START DATA FOR THIS EXERCISE

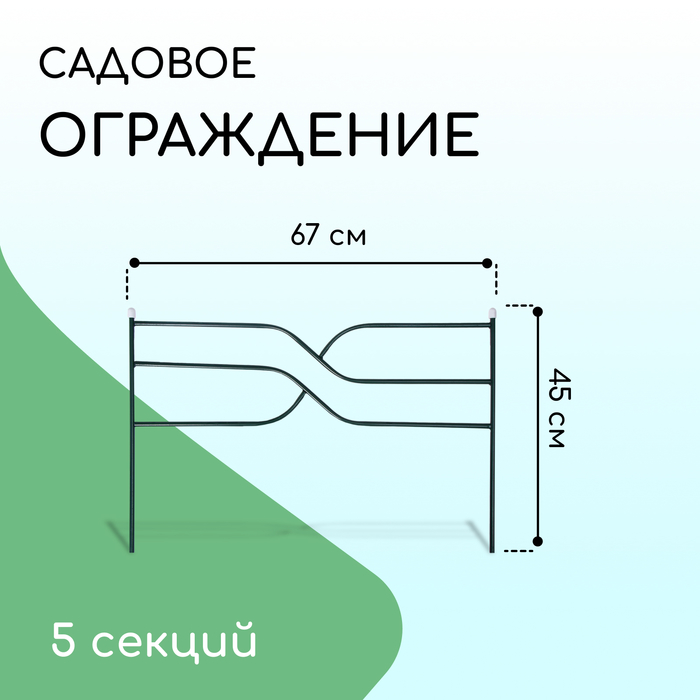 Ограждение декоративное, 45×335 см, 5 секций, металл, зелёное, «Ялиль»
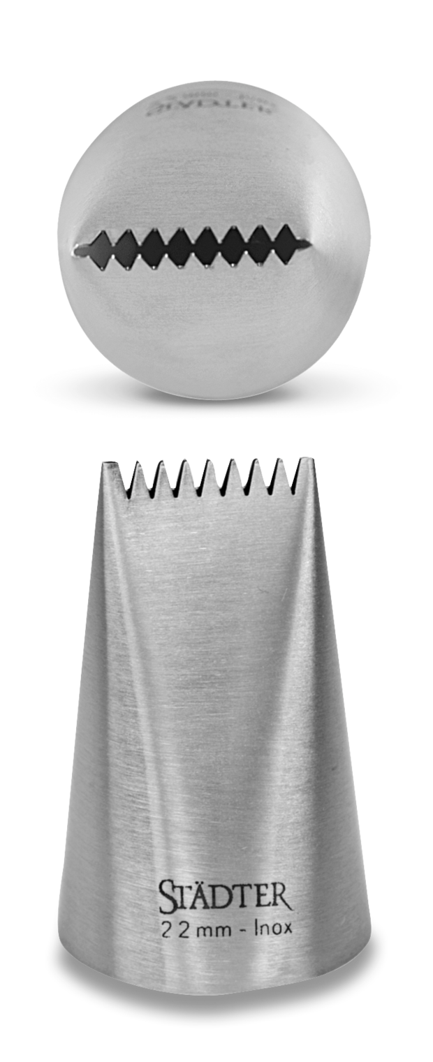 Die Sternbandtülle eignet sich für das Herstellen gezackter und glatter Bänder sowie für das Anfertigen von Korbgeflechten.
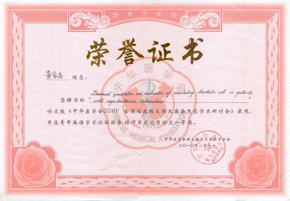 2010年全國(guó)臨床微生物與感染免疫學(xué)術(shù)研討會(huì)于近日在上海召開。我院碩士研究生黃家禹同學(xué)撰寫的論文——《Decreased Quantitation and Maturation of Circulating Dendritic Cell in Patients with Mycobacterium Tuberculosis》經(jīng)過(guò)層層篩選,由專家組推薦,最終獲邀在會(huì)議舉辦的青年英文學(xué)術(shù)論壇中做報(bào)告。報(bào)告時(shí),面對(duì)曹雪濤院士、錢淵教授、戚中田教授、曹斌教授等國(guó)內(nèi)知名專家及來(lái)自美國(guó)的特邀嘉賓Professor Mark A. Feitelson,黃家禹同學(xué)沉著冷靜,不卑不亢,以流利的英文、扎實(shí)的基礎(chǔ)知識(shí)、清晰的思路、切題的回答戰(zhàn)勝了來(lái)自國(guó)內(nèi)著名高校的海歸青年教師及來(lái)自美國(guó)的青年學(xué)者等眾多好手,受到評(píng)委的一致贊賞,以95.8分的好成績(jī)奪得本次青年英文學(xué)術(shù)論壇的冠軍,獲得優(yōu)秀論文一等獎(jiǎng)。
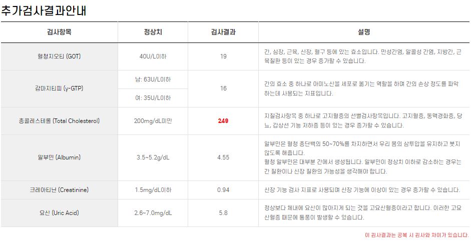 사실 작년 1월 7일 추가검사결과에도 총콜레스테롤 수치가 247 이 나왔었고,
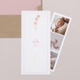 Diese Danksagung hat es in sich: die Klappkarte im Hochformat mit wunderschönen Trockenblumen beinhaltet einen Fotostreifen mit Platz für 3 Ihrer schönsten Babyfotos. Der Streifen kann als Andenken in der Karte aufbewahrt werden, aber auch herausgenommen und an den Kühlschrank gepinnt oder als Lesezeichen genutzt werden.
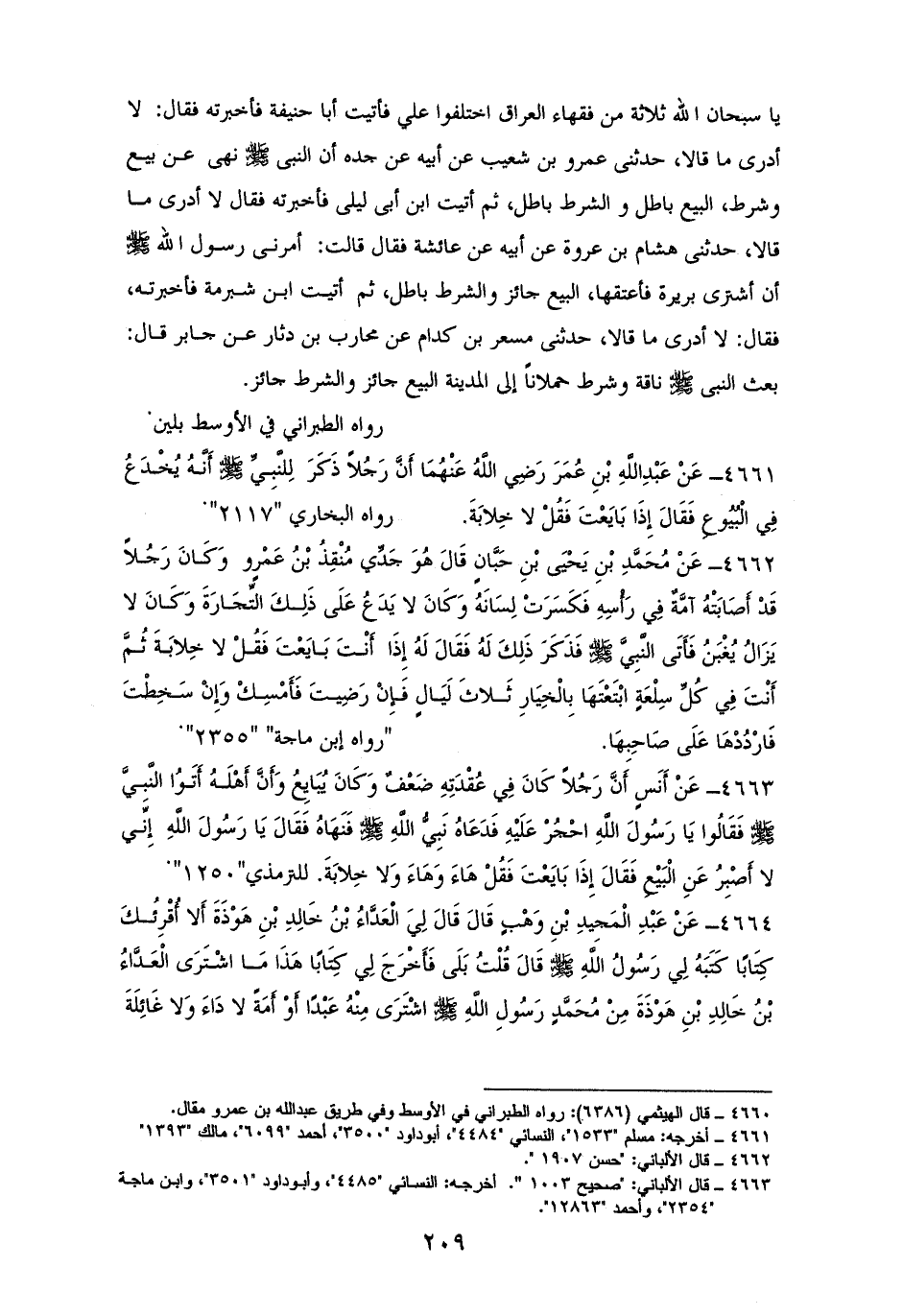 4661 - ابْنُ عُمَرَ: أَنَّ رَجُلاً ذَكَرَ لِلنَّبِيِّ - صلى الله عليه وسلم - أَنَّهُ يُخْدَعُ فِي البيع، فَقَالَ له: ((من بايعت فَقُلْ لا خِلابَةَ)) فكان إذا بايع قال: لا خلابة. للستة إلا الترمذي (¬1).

END DATA FOR THIS EXERCISE

> [PROBLEM TO SOLVE] After locating the line with "Die Sternbandtülle eignet" in the listing above, transcribe it and every line after it to the last, exactly, with no pictures.

> [EXERCISE OUTPUT]
 Die Sternbandtülle eignet sich für das Herstellen gezackter und glatter Bänder sowie für das Anfertigen von Korbgeflechten.
 2010年全國(guó)臨床微生物與感染免疫學(xué)術(shù)研討會(huì)于近日在上海召開。我院碩士研究生黃家禹同學(xué)撰寫的論文——《Decreased Quantitation and Maturation of Circulating Dendritic Cell in Patients with Mycobacterium Tuberculosis》經(jīng)過(guò)層層篩選,由專家組推薦,最終獲邀在會(huì)議舉辦的青年英文學(xué)術(shù)論壇中做報(bào)告。報(bào)告時(shí),面對(duì)曹雪濤院士、錢淵教授、戚中田教授、曹斌教授等國(guó)內(nèi)知名專家及來(lái)自美國(guó)的特邀嘉賓Professor Mark A. Feitelson,黃家禹同學(xué)沉著冷靜,不卑不亢,以流利的英文、扎實(shí)的基礎(chǔ)知識(shí)、清晰的思路、切題的回答戰(zhàn)勝了來(lái)自國(guó)內(nèi)著名高校的海歸青年教師及來(lái)自美國(guó)的青年學(xué)者等眾多好手,受到評(píng)委的一致贊賞,以95.8分的好成績(jī)奪得本次青年英文學(xué)術(shù)論壇的冠軍,獲得優(yōu)秀論文一等獎(jiǎng)。
 사실 작년 1월 7일 추가검사결과에도 총콜레스테롤 수치가 247 이 나왔었고,
 Diese Danksagung hat es in sich: die Klappkarte im Hochformat mit wunderschönen Trockenblumen beinhaltet einen Fotostreifen mit Platz für 3 Ihrer schönsten Babyfotos. Der Streifen kann als Andenken in der Karte aufbewahrt werden, aber auch herausgenommen und an den Kühlschrank gepinnt oder als Lesezeichen genutzt werden.
 4661 - ابْنُ عُمَرَ: أَنَّ رَجُلاً ذَكَرَ لِلنَّبِيِّ - صلى الله عليه وسلم - أَنَّهُ يُخْدَعُ فِي البيع، فَقَالَ له: ((من بايعت فَقُلْ لا خِلابَةَ)) فكان إذا بايع قال: لا خلابة. للستة إلا الترمذي (¬1).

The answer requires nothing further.